The new information that one obtains to learn about the different models is called data. In this example, the data is the result of the blood test. Here the two possible data results are a positive result (\(+\)) or a negative result (\(-\)). One is given the probabilities of the observations for each model. If one “has the disease,” the probability of a \(+\) observation is 0.8 and the probability of a \(-\) observation is 0.2. Since these are conditional probabilities, one writes \[ P(+ \mid {\rm disease}) = 0.8, \, \, P(- \mid {\rm disease}) = 0.2. \] Likewise, if one “does’t have the disease,” the probabilities of the outcomes \(+\) and \(-\) are .2 and .8, respectively. Using symbols, one has \[ P(+ \mid {\rm no \, disease}) = 0.2, \, \, P(- \mid {\rm no \, disease}) = 0.8. \] Suppose you take the blood test and the result is positive (\(+\)) – what is the chance you really have the disease? We are interested in computing the conditional probability \[ P({\rm disease} \mid +). \] This should not be confused with the earlier probability \(P(+ \mid {\rm disease})\) that is the probability of getting a positive result if you have the disease. Here the focus is on the so-called inverse probability – the probability of having the disease given a positive blood test result.

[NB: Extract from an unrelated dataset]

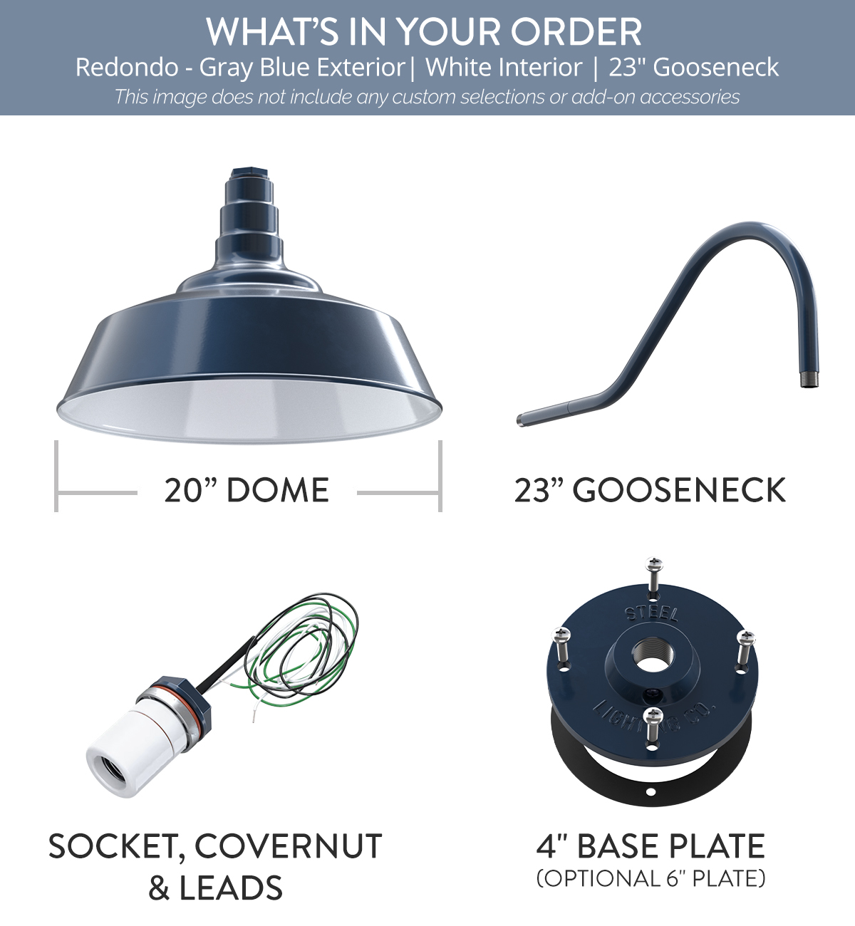 Our largest industrial barn house lighting fixture has a big presence and can make an even bigger statement when added to your story. This sizable favorite really shines in providing ample light when installed at least 15 feet off the ground. The Redondo is a large barn light with sturdy construction that comes standard with a 20″ dome and connects to your choice of a 20″ straight arm, a 16″ gooseneck, a 23″ gooseneck, or an upward-sloping gooseneck. Simply choose your arm length and style, then order, install, and feel at home under Steel Lighting Co. When you’re crafting a space to bring your story to light, this large barn light fixture can stand out on its own, or confidently pull everything together in style. As with every light we craft, The Redondo is handmade from heavy duty steel, then powder coated for the high quality, long lasting finish we all know and love. Creating a space full of quality and character is easy with help from The Redondo, which does best when used outdoors, and looks great on large exterior walls (like on a garage or oversized building), on barn sides, or perched high among the roof peaks and tall eves of your estate. Want to install it indoors? Be our very bold guest! Our lights are all approved for indoor and outdoor use, no matter how big or how small.

We describe the computation of this inverse probability using two methods. They are essentially two ways of viewing the same calculation.

Method 1: Using a tree diagram

A person either has or does not have the disease, and given the person’s disease state, he or she either gets a positive or negative test result. One represents the outcomes by a tree diagram where the first set of branches corresponds to the disease states and the second set of branches corresponds to the blood test results. The branches of the tree are labelled by the given probabilities, shown in Figure 3.3.

Tree diagram of the disease problem.

Figure 3.3: Tree diagram of the disease problem.

By the definition of conditional probability, \[ P({\rm disease} \mid +) = \frac{P({\rm disease} \cap +)}{P(+)}. \] One finds the numerator \(P({\rm disease} \cap +)\) by use of the multiplication rule: \[\begin{align*} P({\rm disease} \cap +) &= P({\rm disease}) P(+ \mid {\rm disease}) \\ & = 0.1 \times 0.8 = 0.08. \end{align*}\] In the tree diagram, one is multiplying probabilities along the disease/\(+\) branch to find this probability.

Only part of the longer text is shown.